PGA Tour Announces Layoffs Ahead of Its $90 Million FedExCup Money-Grab

PGA Tour Commissioner Jay Monahan
PGA Tour Commissioner Jay Monahan speaks at an announcement for the new WGC-FedEx St. Jude Invitational during an event at Shelby Farms Park on April 12, 2018 in Memphis, TN. Photo by Chris Condon/PGA TOUR via Getty Images

Buried during the week of the PGA Championship was the news concerning layoffs at the PGA Tour.

The news item – if I’m not mistaken – was stuffed between a press release announcing Justin Thomas’ $2 million FedExCup bonus, and a story analyzing the PGA Tour’s $12 billion TV deal.

Announcing the layoffs of these now unemployed Americans, Tour Vice President of Communications Joel Schuchmann claimed cutting these jobs would better position the Tour, heading into the 2021 season (which may or may not feature a $15 million purse at the Players in March).

“As a result of the impact of the COVID-19 pandemic, the PGA Tour – much like many other organizations – has had to identify ways to streamline our operations,” Schuchmann said in a press release.

“While it is never easy to say goodbye to valuable members of the Tour family, this week’s targeted job cuts will allow us to most efficiently deal with the current climate and prepare for 2021 and beyond.”

Earlier this week, Morning Read’s Alex Miceli reported the number of pink slips delivered to the now former PGA Tour employees totaled approximately 50, or nearly 5% of its estimated workforce of 1,000.

The reason for the cost-cutting move would seem obvious: The lost revenue from ticket sales, and hospitality, among other related cash-flow streams, has damaged the bottom-line.

This may be true, or it could be total spin. We don’t know. What we do know is this: The timing couldn’t be worse for the PGA Tour, at least in terms of brand perception.

First off – crisis or no crisis, even as a strong proponent of capitalism and free markets, the FedExCup has always come off as a gratuitous season-ending money grab – made worse with the recent gimmicking up of its once-prestigious flagship finale – The Tour Championship.

It’s particularly appalling, though, when this ostentatious cash giveaway occurs amid layoffs of former colleagues, in the midst of a pandemic, no less – where the chances of landing a comparable paying job are slim, at best.

For the PGA Tour to cite “efficiency” as the reason for job cuts, while continuing to brag about its soon-to-be $100 million Tour Championship – FedExCup purse is just next-level duplicitous and tone deaf.

For instance, most of that “bonus” money will go to elite players such as the aforementioned Thomas or two-time FedExCup winner Rory McIlroy, who once boasted, “That amount of money ($11 million) doesn’t sort of mean much to me anymore.

“I mean — it will go in the bank and if I want to buy something nice, I will. But it’s not really anything.”

That $11 million (now $15 million) may not “mean much” to Tour stars like McIlroy, but it would sure mean a lot to the now unemployed ex PGA Tour staffers.

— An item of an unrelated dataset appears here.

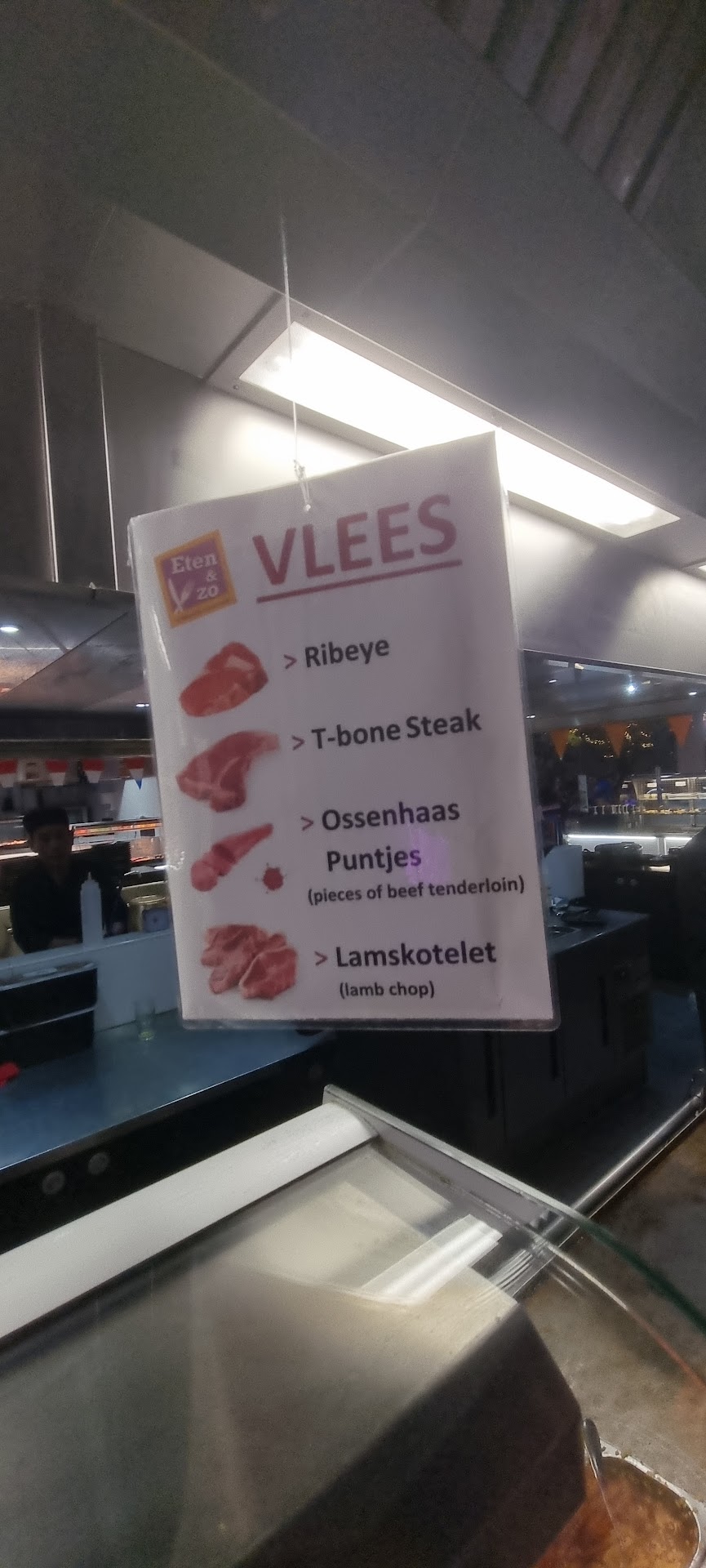 Pros: Easy to find, big parking place. Interior design feels quite relax and comfort, easy access from dining area to food area. 2 free alcohol-drink per person, softdrink and coffee and tea totally free. Big selection of beef steaks from Ireland, Argentine, America. Kangaroo steak is extraordinary delicious. Ireland black Angus beef steak is very soft and juicy, my favorite. Lamb steak is just perfect qua proportion between fat and meet, also cooked very nicely, leading to be very tender and juicy. Also various fish ("sliptong" and "haai") are cooked very well, juicy inside and crisp outside. Pizza is prepared and baked as in a Pizza-specific restaurant. Huge selection of salads and deserts, 8 types of ice cream are available, and taste are better than most of all you can eat we've tried before. Sushi and sashimi are very fresh (feels like more fresh than most of other all-you-can-eat we've had elsewhere) and delicious.

In fact, it would probably pay the ANNUAL salaries of ALL 50 employees for the next 2-3 years.

The playoffs tee off in Boston this Thursday with the $10 million Northern Trust. The champion will receive a direct deposit of $1,710,000 on Sunday evening. The runner-up will be paid $1,040,250. And so on.

Enjoy the efficiency!

This story will be updated as some portions are in dispute.